Thanks for clarifying what you meant earlier and for the additional information.


----------



## Nelley (Aug 14, 2016)

Gibor: Everything is available over the counter-no need for some quack's chicken scratchings.


----------



## Eder (Feb 16, 2011)

Theres a hospital next to me here...$60 to see a doctor buy since we are in Nuevo Vallarta its a bit pricey...$40 is more like it in Bucerious.
Prescriptions are same as Canada...drugs are very reasonable . You can get most stuff over the counter other than things like opiates...you even need a prescription for Tylenol 1's here lol.
We got our dental done here...about $28 to clean teeth by a dentist that included a check up.Wife took care of 2 filings to fix...that cost just over $50 each. We made an appointment but there were 2 dentists and 6 hygienists and we could have had walk in service. Very clean/modern/professional. We wont use dentists in Canada again.


----------



## kcowan (Jul 1, 2010)

TomB16 said:


> Budget is a harder question. While we could afford quite a bit, I don't see why we would go to rural Mexico and spend the same amount we could spend in Purtugal, Spain, or Italy. I would like to get away with about $5000 CDN for 3~4 weeks. In future, we would want to keep it under about $4K CDN per month, based on a 5 month stay. I'm hoping we could do it for $3K CDN.
> ....
> We want ocean. We like to swim and snorkel. Also, we love beaches. We don't need the entire time to be on the ocean but it would be fine if it was.


You sound like ideal candidates for Mexico. Our friends from Toronto have rented a 2BR/2Bath condo overlooking the ocean for C$3700 for Jan-Mar. It is at the southern end of the beach walk that starts at the south side of Marina Vallarta and ends in lower Conchas Chinas. They have dog so had limited choices.


TomB16 said:


> That's exactly what we want. We want to buy groceries, cook, and go to the places the locals do. We don't want to be in a tourist cocoon.


The beach tends to attract gringos because of the high price and Mexican tourists because they want the water.


Eder said:


> Tom, if I was you I would stick to the Baja initially...its one long beach, not too many club meds....mostly locals. Maybe buy a motorhome or class C of some kind to tour on. Theres an incredible number of camping spots . No disco or zip lines till you hit the end at Cabo which is completely forgettable. You may want to join a Baja caravan...cost maybe $1200 for a few weeks of being shown around then back across the border...like a Mexican wading pool to get your feet wet. After that you'll know the ropes & branch out from there. We used Baja Winters many years ago was well worth it!
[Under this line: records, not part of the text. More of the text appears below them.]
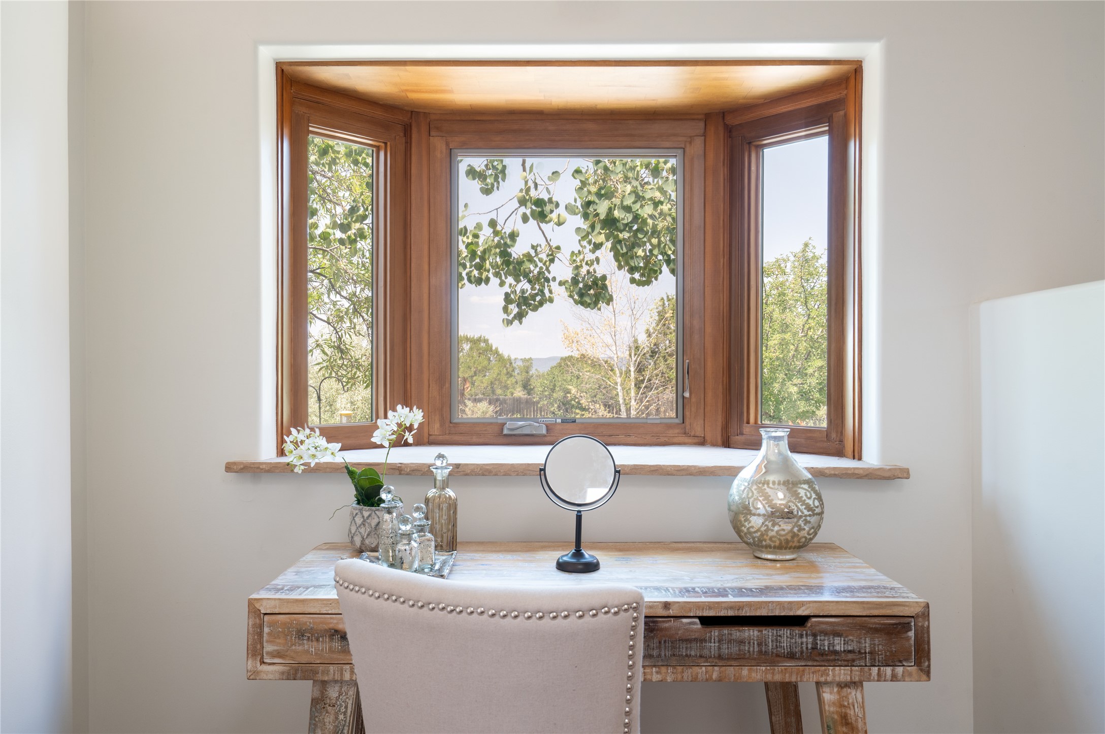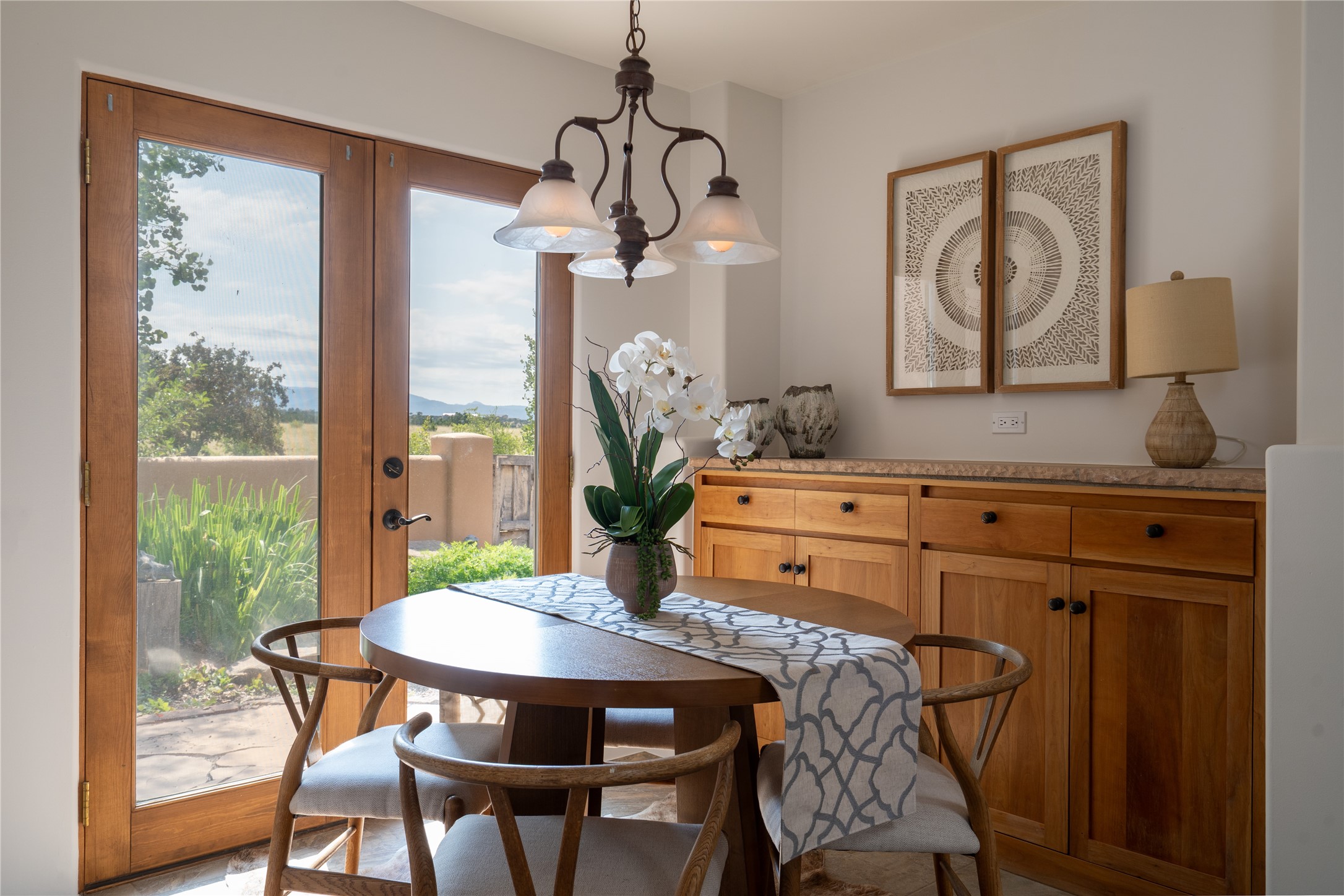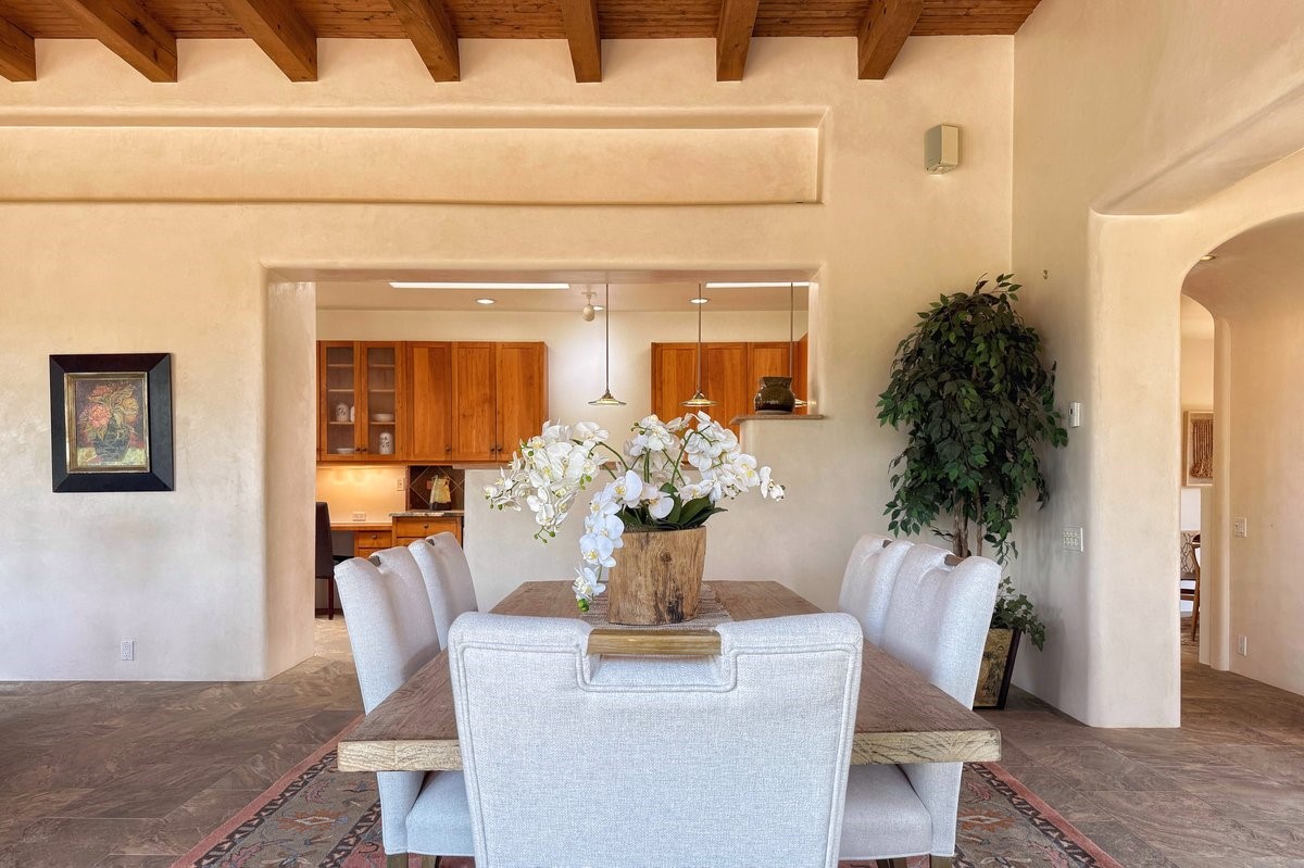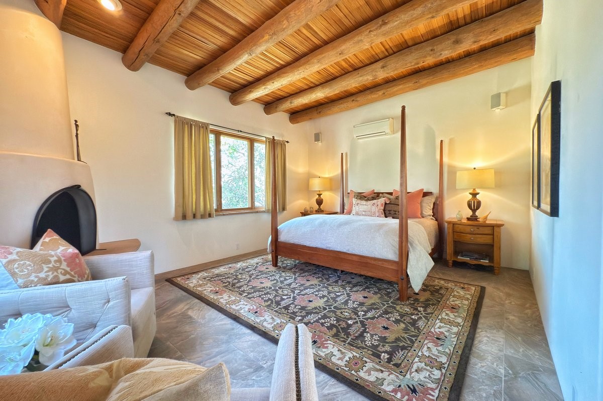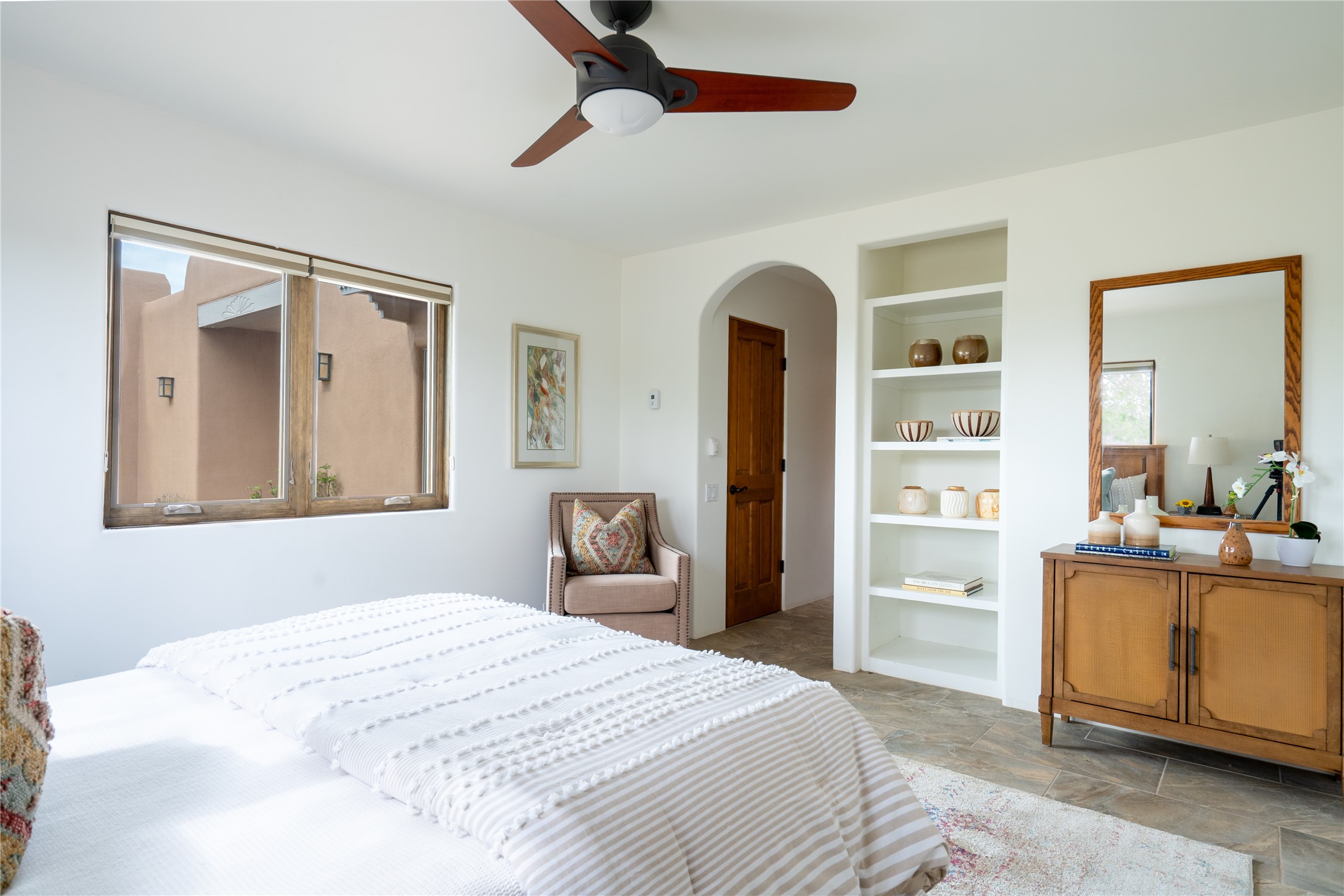 Here's everything you're looking for in a Santa Fe retreat, without the HOA. If you've been searching for that perfect Santa Fe home, the one with sweeping mountain views, single-level living, studio space, and just enough land to feel free without being overwhelmed, here it is. Set on 2.5 private acres at the end of a quiet cul-de-sac, this Prull custom home is designed for comfort, creativity, and connection to the landscape. The open layout features 3 bedrooms, 2 baths, and no interior steps with Italian porcelain tile throughout. The primary suite is separated from the other bedrooms. Skylights throughout bring in beautiful natural light all day. The living, dining, and kitchen spaces flow easily, ideal for both everyday living and entertaining. There's a charming front courtyard with a koi pond and space for your morning coffee, with a door from the breakfast nook for convenience. One of the most versatile features is the attached studio space, complete with its own bathroom. Whether you need an art studio, office, workshop, or private guest quarters, this flexible area is ready for your vision. The property also includes a three-car garage, radiant heat, mini splits in the primary and guest wing, and a separate personal observatory with a moveable roof for the ultimate dark-sky stargazing experience (Telescope negotiable). There's even a private door from the primary bathroom that opens directly to the backyard and hot tub, creating your own peaceful sanctuary under the stars.There's also a recently maintained roof and several new windows in 2024. And the location, just six miles from the Plaza, offers privacy and room to live your best Santa Fe lifestyle.
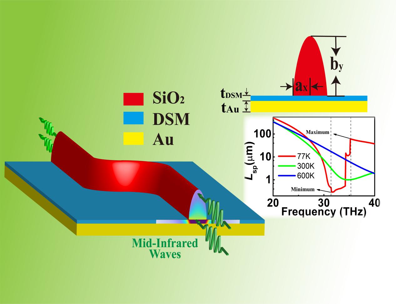 基于3D DSM中的ENZ現象,研究團隊在SiO2-DSM-Au多層混合模式結構基礎上,通過改變溫度、結構參數和費米能級實現了對中紅外波的有效調節。研究表明當溫度小于室溫時,混合模式的傳播長度在ENZ區域出現明顯的突變,如在77 K時的突變比(最大值與最小值的比值)超過200。通過在0.08 ~ 0.15 eV范圍內調節費米能級,傳播長度的突變可以在3.81~45.3范圍內調節,同時ENZ區域最大值的對應頻率從27.9 THz增大到35.5 THz,發生了明顯的藍移現象。上述研究內容對于了解三維狄拉克半金屬調控器件的物理機制、開展新型高性能表面等離子激元功能器件,如低閾值激光器、高品質因子調制器和高品質因子濾波器,提供了新的思路和方法。
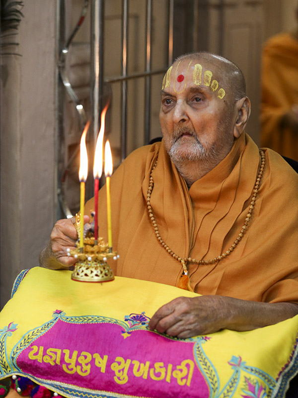 Swamishri observes 'Akhand Bhakti Yagna' being conducted as part of the Sarangpur Mandir Shatabdi Mahotsav celebrations
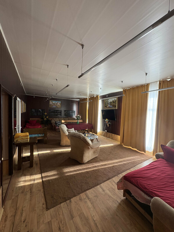Были во многих гостиницах, в том числе и придорожных. Данное место не понравилось от слова совсем!!! Во-первых, дорого за такой номер за одну ночь( как писали ранее, цены не указаны ни где, как на Вас посмотрят и тогда решат, сколько взять). Сначала сказали 5000,потом 4500 в результате сошлись на 4000🤝😁. И да🗣️ найти персонал не реально, приехали ели дозвались и уехали ни кого не нашли( оставили ключ в двери). Номер попросили с удобствами, вход был во дворе! Прозрачная входная дверь и муравьи это мелочи. Вот комната душ- туалет 🚿🚽🔥😁. На фото я приложила- купается и всё льется на туалет, полы все мокрые, зайти в комнату не возможно. Воды горячей мы так и не дождались. В комнате пыльно, не уютно. Окна вообще не моются!!!! В кафе цены зашкаливают, да и обстановка по мне угнетающая...... Темно, низкие потолки, всё пространство заставленно, ощущение что всё давит.... На территории идёт стройка.. Поручни детской кроватки все липкие. Сервиса и клиентоориентированности 0. Не рекомендую.
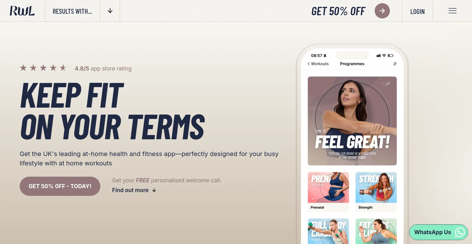 Get the UK’s leading at-home fitness app with at home workouts, diet plans, and wellbeing support—perfect for busy lifestyles. Start your journey today and save 50%
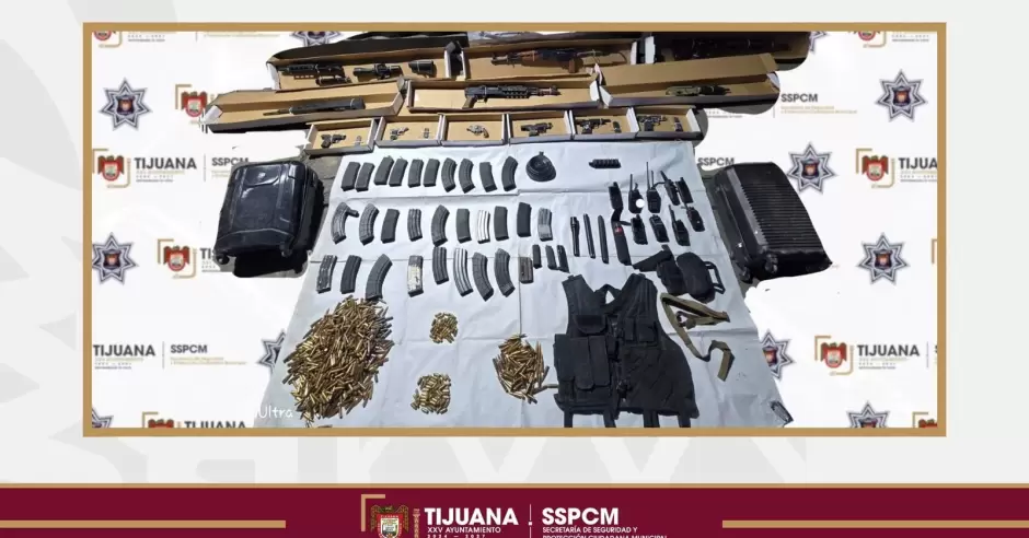 Tijuana.- La Secretaría de Seguridad y Protección Ciudadana Municipal (SSPCM) de Tijuana aseguró 11 armas de fuego, 33 cargadores y 495 cartuchos útiles de diversos calibres, además de ocho radiocomunicadores, un chaleco antibalas y diverso equipo relacionado con armamento.
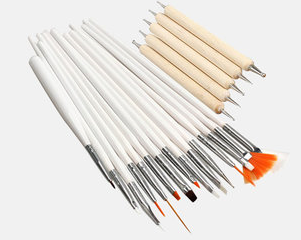- Get all the nail art tools you will ever need in one convenient set! This set comes with 20 nail art tools. It includes 15 nail art tools have white pearlized, wooden handles, 1 brush w/ angled head, and 4 double sided dotting tools that are unpainted wood. Tools are stored in a black, roll out pouch with 2 magnetic closures – great for organizing or traveling.

My friend from Calgary owns in Baja. The prices are high (because of the proximity to California).


gibor365 said:


> What about doctors in Mexico? Do you buy some private insurance or paying per visit? Same question about drugs.... btw, are Canadian prescriptions valid in Mexico?


GP is 500 pesos, specialist is 700 pesos. Although many drugs are available without prescriptions, reputable pharmacies demand a local prescription per visit: Costco and Farmacia Guadalajara.


RBull said:


> Thanks for clarifying what you meant earlier and for the additional information.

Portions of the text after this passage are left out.